Theatre nurse Eleanor Smith (centre), President of Unison leads health workers out on strike at midnight from the Birmingham Women's Hospital
Well, here we are on November 30th – the day the State sector has chosen to hold us all to hostage. With Diversity and Equality co-ordinators off for the day, it’s gonna be a tough one. It’s also been a tough start to the day on the BBC what with the Met Office being out of commission, no sign of Humphyrs or the fragrant Sarah on Today, but Evan Davies and Justin Webb have been doing their best for the comrades on the picker lines. I was entertained by this interview with Trade Unionist Dave Prentice, with Webb claiming the government are “spoiling for a fight”. Really? If the government were any more supine on this they would be horizontal yet through the BBC prism this is Thatcher in 1979 all over again.


As the Public Sector strike draws nigh, a Biased BBC reader generously provides us with the sort of insight which the State Broadcaster conspicuously ignores;


If you want irrefutable evidence of the real cost of public sector pensions a public sector trade union has unwittingly provided a convincing example of the mammoth cost from its annual accounts. An example that is substantive, not speculative.

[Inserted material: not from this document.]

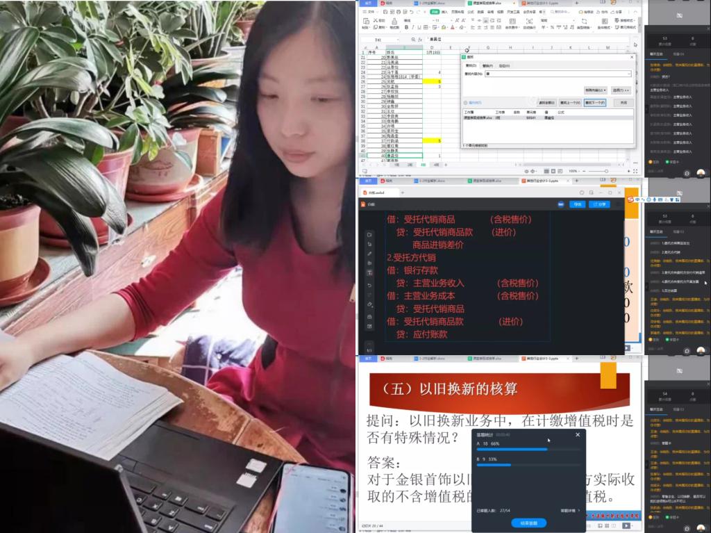教学设计:注重课堂互动与重难点解析。例如在讲解零售企业受托代销业务时,以表格形式将新业务与已学业务的账务处理进行对比,用不同颜色突出显示加以区别,方便学生理解。并不定时在直播中通过公屏和答题卡功能进行提问,实时积分并记录,课后学习通给予对应经验值,以提高学生的学习兴趣与课堂参与度。此外,通过钉钉中的白板功能,实时总结本课重难点,直播结束后发布至群内,方便学生课后复习。最后,通过布置作业,检验学生掌握程度,并于下节课课上进行答疑讲解。

In accordance with an agreement with their staff trade union, the Northern Ireland Public Service Alliance (NIPSA – 46,000 members) provides pension benefits for its employees comparable to those of the Northern Ireland Civil Service (NICS). NIPSA, has however to invest its employer contributions with insurance companies to obtain comparable superannuation benefits for its retiring staff.

In Northern Ireland, and in GB (with its Principal Civil Service Superannuation Scheme or PCSPS), civil servants who joined before 2008 contribute nothing toward their pensions which are unfunded, inflation-proofed and based on final salary. NIPSA’s employees are however, like those civil servants, required to pay a contribution of 1.5% (refundable) towards the cost of dependents’ benefits.

In its 2009 valuation, NIPSA’s actuary assessed a shortfall in its pension scheme funding of some £1.9m and recommended the employer contribution rate should be 39.3% from 2010 with a contribution of £210,000 p.a. to recover the funding shortfall. The employer rate, previously 40.8%. (see 2009 accounts) was insufficient to bring the scheme out of deficit!

Presumably other trade unions who match civil service pensions for their staff are experiencing the same shortfalls despite an employer contribution of 40% of staff salaries.

So there you have indisputable evidence-based proof: We pay at least 40% on top of a civil servant’s salary to provide them with their pensions and lump sums (3 x annual pension rate).

And they are on strike because they are being asked to pay 3% more.

In fairness it should be 35% more. “

I do hope the BBC will ensure that important fact based data like this is properly reflected in the debate and my thanks again for the contribution.